Assignment:
Write the data out again, character for character, with no images.

Source material:
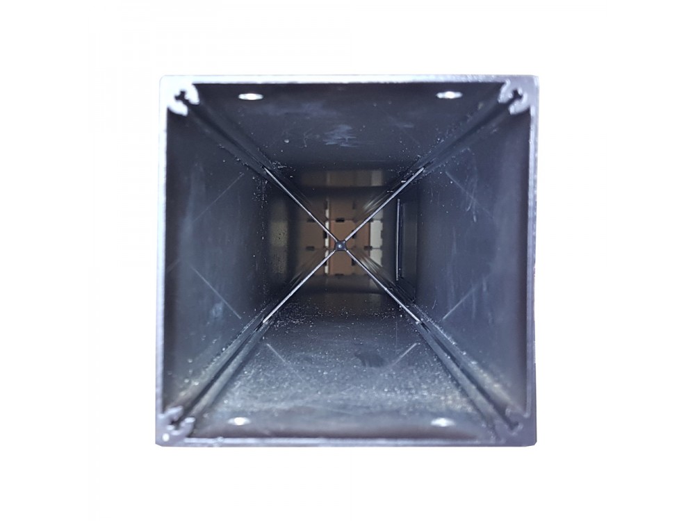 Верхний торец закрывает накладная алюминиевая крышка, которую можно снять для удобства монтажа оборудования. Крышка изнутри имеет конусные выступы для плотного удержания на трубе и формирует небольшие конвекционные щели.
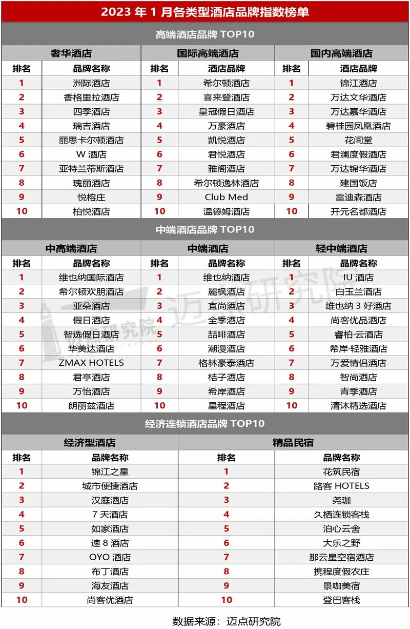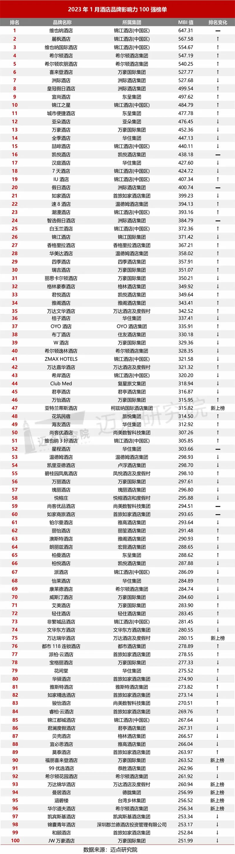 以下是邁點研究院獨家發(fā)布的“2023年1月酒店品牌影響力100強榜單”。 本月, 維也納酒店、麗楓酒店、維也納國際酒店位列前三,另希爾頓酒店、希爾頓歡朋酒店、喜來登酒店、洲際酒店、皇冠假日酒店、宜尚酒店、錦江之星進入榜單前十。本月100強榜單中,共有42個品牌排名環(huán)比上升,44個品牌排名環(huán)比下降,7個品牌排名沒有發(fā)生變化。本月共有7個酒店品牌新晉百強榜單,分別為:亞特蘭蒂斯酒店、萬達瑞華酒店、福朋喜來登酒店、萬達錦華酒店、曼居酒店、涵碧樓、華爾道夫酒店。
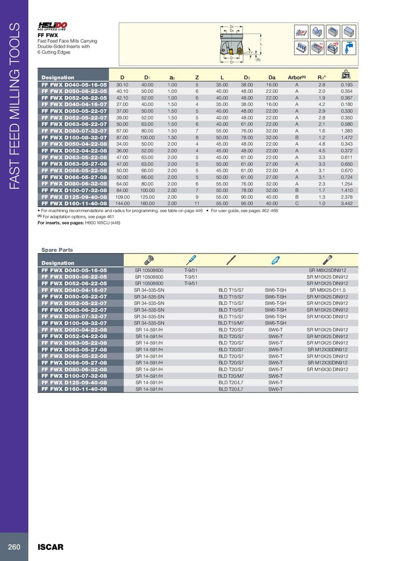 D3 Da FF FWX Fast Feed Face Mills Carrying L Rd° Double-Sided Inserts with 6 Cutting Edges 17° D ap D1 kg Designation D D 1 a p Z L D 3 Da Arbor (1) R d ° FF FWX D040-05-16-05 30.10 40.00 1.00 5 35.00 38.00 16.00 A 2.8 0.193 FF FWX D050-06-22-05 40.10 50.00 1.00 6 40.00 48.00 22.00 A 2.0 0.354 FF FWX D052-06-22-05 42.10 52.00 1.00 6 40.00 48.00 22.00 A 1.9 0.367 FF FWX D040-04-16-07 27.00 40.00 1.50 4 35.00 38.00 16.00 A 4.2 0.180 FF FWX D050-05-22-07 37.00 50.00 1.50 5 40.00 48.00 22.00 A 2.9 0.330 FF FWX D052-05-22-07 39.00 52.00 1.50 5 40.00 48.00 22.00 A 2.8 0.350 FF FWX D063-06-22-07 50.00 63.00 1.50 6 40.00 61.00 22.00 A 2.1 0.580 FF FWX D080-07-32-07 67.00 80.00 1.50 7 55.00 76.00 32.00 A 1.6 1.383 FF FWX D100-08-32-07 87.00 100.00 1.50 8 50.00 78.00 32.00 B 1.2 1.472 FF FWX D050-04-22-08 34.00 50.00 2.00 4 45.00 48.00 22.00 A 4.8 0.343 FF FWX D052-04-22-08 36.00 52.00 2.00 4 45.00 48.00 22.00 A 4.5 0.372 FF FWX D063-05-22-08 47.00 63.00 2.00 5 45.00 61.00 22.00 A 3.3 0.611 FF FWX D063-05-27-08 47.00 63.00 2.00 5 50.00 61.00 27.00 A 3.3 0.650 FF FWX D066-05-22-08 50.00 66.00 2.00 5 45.00 61.00 22.00 A 3.1 0.670 FF FWX D066-05-27-08 50.00 66.00 2.00 5 50.00 61.00 27.00 A 3.1 0.724 FF FWX D080-06-32-08 64.00 80.00 2.00 6 55.00 76.00 32.00 A 2.3 1.254 FAST FEED MILLING TOOLS FF FWX D100-07-32-08 84.00 100.00 2.00 7 50.00 78.00 32.00 B 1.7 1.410 FF FWX D125-09-40-08 109.00 125.00 2.00 9 55.00 90.00 40.00 B 1.3 2.378 FF FWX D160-11-40-08 144.00 160.00 2.00 11 55.00 95.00 40.00 C 1.0 3.442 • For machining recommendations and radius for programming, see table on page 446 • For user guide, see pages 462-468 (1) For adaptation options, see page 461 For inserts, see pages: H600 WXCU (446) Spare Parts Designation FF FWX D040-05-16-05 SR 10508600 T-9/51 SR M8X25DIN912 FF FWX D050-06-22-05 SR 10508600 T-9/51 SR M10X25 DIN912 FF FWX D052-06-22-05 SR 10508600 T-9/51 SR M10X25 DIN912 FF FWX D040-04-16-07 SR 34-535-SN BLD T15/S7 SW6-T-SH SR M8X25-D11.5 FF FWX D050-05-22-07 SR 34-535-SN BLD T15/S7 SW6-T-SH SR M10X25 DIN912 FF FWX D052-05-22-07 SR 34-535-SN BLD T15/S7 SW6-T-SH SR M10X25 DIN912 FF FWX D063-06-22-07 SR 34-535-SN BLD T15/S7 SW6-T-SH SR M10X25 DIN912 FF FWX D080-07-32-07 SR 34-535-SN BLD T15/S7 SW6-T-SH SR M16X30 DIN912 FF FWX D100-08-32-07 SR 34-535-SN BLD T15/M7 SW6-T-SH FF FWX D050-04-22-08 SR 14-591/H BLD T20/S7 SW6-T SR M10X25 DIN912 FF FWX D052-04-22-08 SR 14-591/H BLD T20/S7 SW6-T SR M10X25 DIN912 FF FWX D063-05-22-08 SR 14-591/H BLD T20/S7 SW6-T SR M10X25 DIN912 FF FWX D063-05-27-08 SR 14-591/H BLD T20/S7 SW6-T SR M12X30DIN912 FF FWX D066-05-22-08 SR 14-591/H BLD T20/S7 SW6-T SR M10X25 DIN912 FF FWX D066-05-27-08 SR 14-591/H BLD T20/S7 SW6-T SR M12X30DIN912 FF FWX D080-06-32-08 SR 14-591/H BLD T20/S7 SW6-T SR M16X30 DIN912 FF FWX D100-07-32-08 SR 14-591/H BLD T20/M7 SW6-T FF FWX D125-09-40-08 SR 14-591/H BLD T20/L7 SW6-T FF FWX D160-11-40-08 SR 14-591/H BLD T20/L7 SW6-T 260 ISCAR
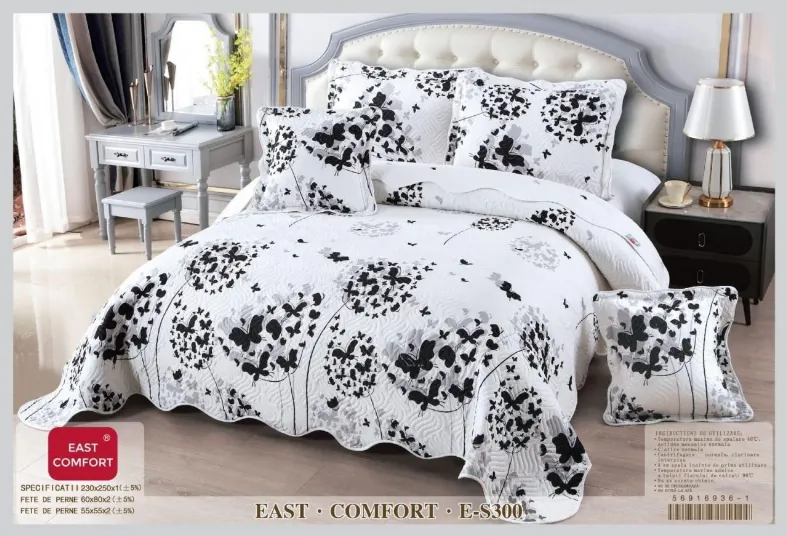 EAST COMFORT Cuvertura matlasata din bumbac 5 piese, alb cu fluturi negri si gri-ES300

Written response:
 Верхний торец закрывает накладная алюминиевая крышка, которую можно снять для удобства монтажа оборудования. Крышка изнутри имеет конусные выступы для плотного удержания на трубе и формирует небольшие конвекционные щели.
 以下是邁點研究院獨家發(fā)布的“2023年1月酒店品牌影響力100強榜單”。 本月, 維也納酒店、麗楓酒店、維也納國際酒店位列前三,另希爾頓酒店、希爾頓歡朋酒店、喜來登酒店、洲際酒店、皇冠假日酒店、宜尚酒店、錦江之星進入榜單前十。本月100強榜單中,共有42個品牌排名環(huán)比上升,44個品牌排名環(huán)比下降,7個品牌排名沒有發(fā)生變化。本月共有7個酒店品牌新晉百強榜單,分別為:亞特蘭蒂斯酒店、萬達瑞華酒店、福朋喜來登酒店、萬達錦華酒店、曼居酒店、涵碧樓、華爾道夫酒店。
 D3 Da FF FWX Fast Feed Face Mills Carrying L Rd° Double-Sided Inserts with 6 Cutting Edges 17° D ap D1 kg Designation D D 1 a p Z L D 3 Da Arbor (1) R d ° FF FWX D040-05-16-05 30.10 40.00 1.00 5 35.00 38.00 16.00 A 2.8 0.193 FF FWX D050-06-22-05 40.10 50.00 1.00 6 40.00 48.00 22.00 A 2.0 0.354 FF FWX D052-06-22-05 42.10 52.00 1.00 6 40.00 48.00 22.00 A 1.9 0.367 FF FWX D040-04-16-07 27.00 40.00 1.50 4 35.00 38.00 16.00 A 4.2 0.180 FF FWX D050-05-22-07 37.00 50.00 1.50 5 40.00 48.00 22.00 A 2.9 0.330 FF FWX D052-05-22-07 39.00 52.00 1.50 5 40.00 48.00 22.00 A 2.8 0.350 FF FWX D063-06-22-07 50.00 63.00 1.50 6 40.00 61.00 22.00 A 2.1 0.580 FF FWX D080-07-32-07 67.00 80.00 1.50 7 55.00 76.00 32.00 A 1.6 1.383 FF FWX D100-08-32-07 87.00 100.00 1.50 8 50.00 78.00 32.00 B 1.2 1.472 FF FWX D050-04-22-08 34.00 50.00 2.00 4 45.00 48.00 22.00 A 4.8 0.343 FF FWX D052-04-22-08 36.00 52.00 2.00 4 45.00 48.00 22.00 A 4.5 0.372 FF FWX D063-05-22-08 47.00 63.00 2.00 5 45.00 61.00 22.00 A 3.3 0.611 FF FWX D063-05-27-08 47.00 63.00 2.00 5 50.00 61.00 27.00 A 3.3 0.650 FF FWX D066-05-22-08 50.00 66.00 2.00 5 45.00 61.00 22.00 A 3.1 0.670 FF FWX D066-05-27-08 50.00 66.00 2.00 5 50.00 61.00 27.00 A 3.1 0.724 FF FWX D080-06-32-08 64.00 80.00 2.00 6 55.00 76.00 32.00 A 2.3 1.254 FAST FEED MILLING TOOLS FF FWX D100-07-32-08 84.00 100.00 2.00 7 50.00 78.00 32.00 B 1.7 1.410 FF FWX D125-09-40-08 109.00 125.00 2.00 9 55.00 90.00 40.00 B 1.3 2.378 FF FWX D160-11-40-08 144.00 160.00 2.00 11 55.00 95.00 40.00 C 1.0 3.442 • For machining recommendations and radius for programming, see table on page 446 • For user guide, see pages 462-468 (1) For adaptation options, see page 461 For inserts, see pages: H600 WXCU (446) Spare Parts Designation FF FWX D040-05-16-05 SR 10508600 T-9/51 SR M8X25DIN912 FF FWX D050-06-22-05 SR 10508600 T-9/51 SR M10X25 DIN912 FF FWX D052-06-22-05 SR 10508600 T-9/51 SR M10X25 DIN912 FF FWX D040-04-16-07 SR 34-535-SN BLD T15/S7 SW6-T-SH SR M8X25-D11.5 FF FWX D050-05-22-07 SR 34-535-SN BLD T15/S7 SW6-T-SH SR M10X25 DIN912 FF FWX D052-05-22-07 SR 34-535-SN BLD T15/S7 SW6-T-SH SR M10X25 DIN912 FF FWX D063-06-22-07 SR 34-535-SN BLD T15/S7 SW6-T-SH SR M10X25 DIN912 FF FWX D080-07-32-07 SR 34-535-SN BLD T15/S7 SW6-T-SH SR M16X30 DIN912 FF FWX D100-08-32-07 SR 34-535-SN BLD T15/M7 SW6-T-SH FF FWX D050-04-22-08 SR 14-591/H BLD T20/S7 SW6-T SR M10X25 DIN912 FF FWX D052-04-22-08 SR 14-591/H BLD T20/S7 SW6-T SR M10X25 DIN912 FF FWX D063-05-22-08 SR 14-591/H BLD T20/S7 SW6-T SR M10X25 DIN912 FF FWX D063-05-27-08 SR 14-591/H BLD T20/S7 SW6-T SR M12X30DIN912 FF FWX D066-05-22-08 SR 14-591/H BLD T20/S7 SW6-T SR M10X25 DIN912 FF FWX D066-05-27-08 SR 14-591/H BLD T20/S7 SW6-T SR M12X30DIN912 FF FWX D080-06-32-08 SR 14-591/H BLD T20/S7 SW6-T SR M16X30 DIN912 FF FWX D100-07-32-08 SR 14-591/H BLD T20/M7 SW6-T FF FWX D125-09-40-08 SR 14-591/H BLD T20/L7 SW6-T FF FWX D160-11-40-08 SR 14-591/H BLD T20/L7 SW6-T 260 ISCAR
 EAST COMFORT Cuvertura matlasata din bumbac 5 piese, alb cu fluturi negri si gri-ES300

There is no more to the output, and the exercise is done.